Pasted below is the privacy considerations section, which is new to this version.
There is one thing that I think needs fixing before submitting: the IANA considerations section. It says that this document has no actions for IANA. This is wrong. IANA keeps the registry for HTTP (among other things) headers:
http://www.iana.org/assignments/message-headers/message-headers.xhtml So it should be something like 6. IANA ConsiderationsIANA is requested to register the header described in this document in the "Message Headers" registry, with the following parameters:
o Header Field Name should be "Public-Key-Pins"

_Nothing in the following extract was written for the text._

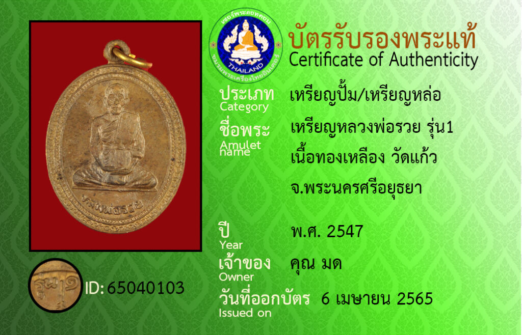 ชื่อพระ : เหรียญหลวงพ่อรวย รุ่น1 เนื้อทองเหลือง วัดแก้ว จ.พระนครศรีอยุธยา

o Protocol should be "http"
o Status should be "standard"
o Reference should be this document
Thanks,
Yoav
Here's a paste of the new section 5:
5. Privacy Considerations
Conforming implementations (as well as implementations conforming to
[RFC6797]) must store state about which domains have set policies,
hence which domains the UA has contacted. A forensic attacker might
find this information useful, even if the user has cleared other
parts of the UA's state.
More importantly, Hosts can use HSTS or HPKP as a "super-cookie", by
setting distinct policies for a number of subdomains. For example,
assume example.com wishes to track distinct UAs without explicitly
setting a cookie, or if a previously-set cookie is deleted from the
UA's cookie store. Here are two attack scenarios.
1. example.com can use report-uri and the ability to pin arbitrary
identifiers to distinguish UAs.
2.
1. example.com sets a Valid Pinning Header in its response to
requests. The header asserts the includeSubDomains
directive, and specifies a report-uri directive as well.

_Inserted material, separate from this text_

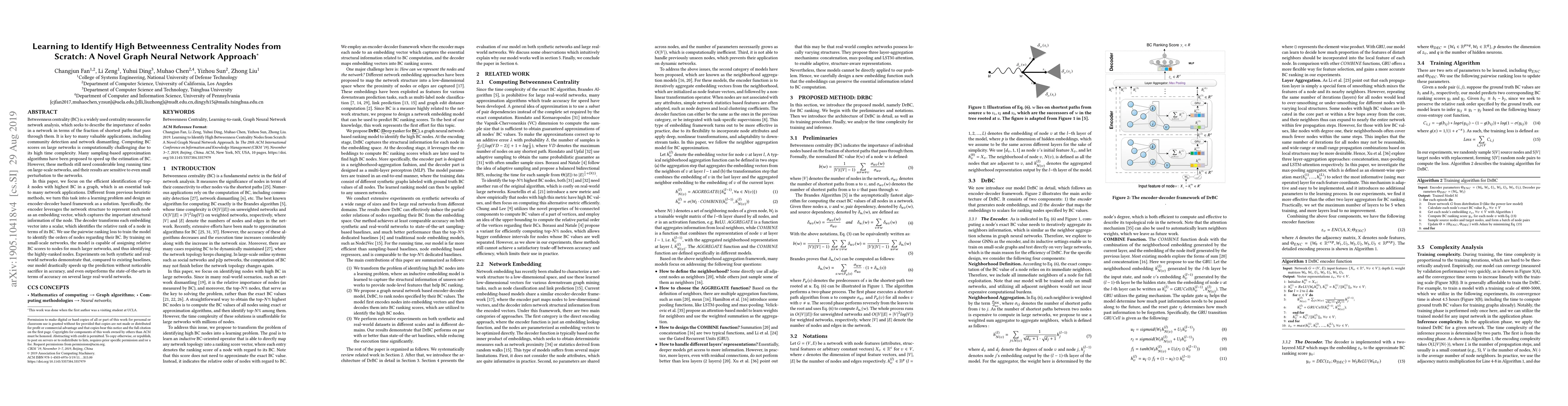 Betweenness centrality (BC) is one of the most used centrality measures for network analysis, which seeks to describe the importance of nodes in a network in terms of the fraction of shortest paths that pass through them. It is key to many valuable applications, including community detection and network dismantling. Computing BC scores on large networks is computationally challenging due to high time complexity. Many approximation algorithms have been proposed to speed up the estimation of BC, which are mainly sampling-based. However, these methods are still prone to considerable execution time on large-scale networks, and their results are often exacerbated when small changes happen to the network structures. In this paper, we focus on identifying nodes with high BC in a graph, since many application scenarios are built upon retrieving nodes with top-k BC. Different from previous heuristic methods, we turn this task into a learning problem and design an encoder-decoder based framework to resolve the problem. More specifcally, the encoder leverages the network structure to encode each node into an embedding vector, which captures the important structural information of the node. The decoder transforms the embedding vector for each node into a scalar, which captures the relative rank of this node in terms of BC. We use the pairwise ranking loss to train the model to identify the orders of nodes regarding their BC. By training on small-scale networks, the learned model is capable of assigning relative BC scores to nodes for any unseen networks, and thus identifying the highly-ranked nodes. Comprehensive experiments on both synthetic and real-world networks demonstrate that, compared to representative baselines, our model drastically speeds up the prediction without noticeable sacrifce in accuracy, and outperforms the state-of-the-art by accuracy on several large real-world networks.

Pages served by the host also include references to
subresource https://bad.example.com/foo.png.
2. The Valid Pinning Header includes a "pin" that is not really
the hash of an SPKI, but is instead an arbitrary
distinguishing string sent only in response to a particular
request. For each request, the Host creates a new, distinct
distinguishing string and sets it as if it were a pin.
3. The certificate chain served by bad.example.com does not pass
Pin Validation given the pin set the Host asserted in (1).

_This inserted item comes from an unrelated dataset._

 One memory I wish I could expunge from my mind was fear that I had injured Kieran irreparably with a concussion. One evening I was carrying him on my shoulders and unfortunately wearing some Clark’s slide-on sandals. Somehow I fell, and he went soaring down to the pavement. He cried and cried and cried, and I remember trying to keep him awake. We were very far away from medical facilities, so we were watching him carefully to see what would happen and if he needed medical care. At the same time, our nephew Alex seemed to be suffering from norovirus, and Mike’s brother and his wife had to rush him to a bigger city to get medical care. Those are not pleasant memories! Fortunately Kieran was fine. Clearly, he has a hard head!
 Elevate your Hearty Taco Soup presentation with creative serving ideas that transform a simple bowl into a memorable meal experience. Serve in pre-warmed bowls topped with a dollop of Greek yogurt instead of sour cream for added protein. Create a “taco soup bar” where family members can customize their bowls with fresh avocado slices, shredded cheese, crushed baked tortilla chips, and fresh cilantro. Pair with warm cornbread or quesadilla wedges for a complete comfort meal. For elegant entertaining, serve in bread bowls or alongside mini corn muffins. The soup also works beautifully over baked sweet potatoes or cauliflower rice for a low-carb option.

The HPKP-conforming UA attempts to report the Pin Validation
failure to the specified report-uri, including the
certificate chain it observed and the SPKI hashes it expected
to see. Among the SPKI hashes is the distinguishing string
in step (2).
3. example.com can use SNI and subdomains to distinguish UAs.
4.
1. example.com sets a Valid Pinning Header in its response to
requests. The header asserts the includeSubDomains
directive.
2. On a subsequent page view, the Host responds with a page
including the subresource https://0.fingerprint.example.com/
foo.png, and the server responds using a certificate chain
that does not pass Pin Validation for the pin-set defined in
the Valid Pinning Header in step (1). The HPKP-conforming UA
will close the connection, never completing the request to
0.fingerprint.example.com. The Host may thus note that this
particular UA had noted the (good) pins for that subdomain.
3. example.com can distinguish 2^N UAs by serving Valid Pinning
Headers from an arbitrary number N distinct subdomains,
giving some UAs Valid Pinning Headers for some, but not all
subdomains (causing subsequent requests for
n.fingerprint.example.com to fail), and giving some UAs no
Valid Pinning Header for other subdomains (causing subsequent
requests for m.fingerprint.example.com to succeed).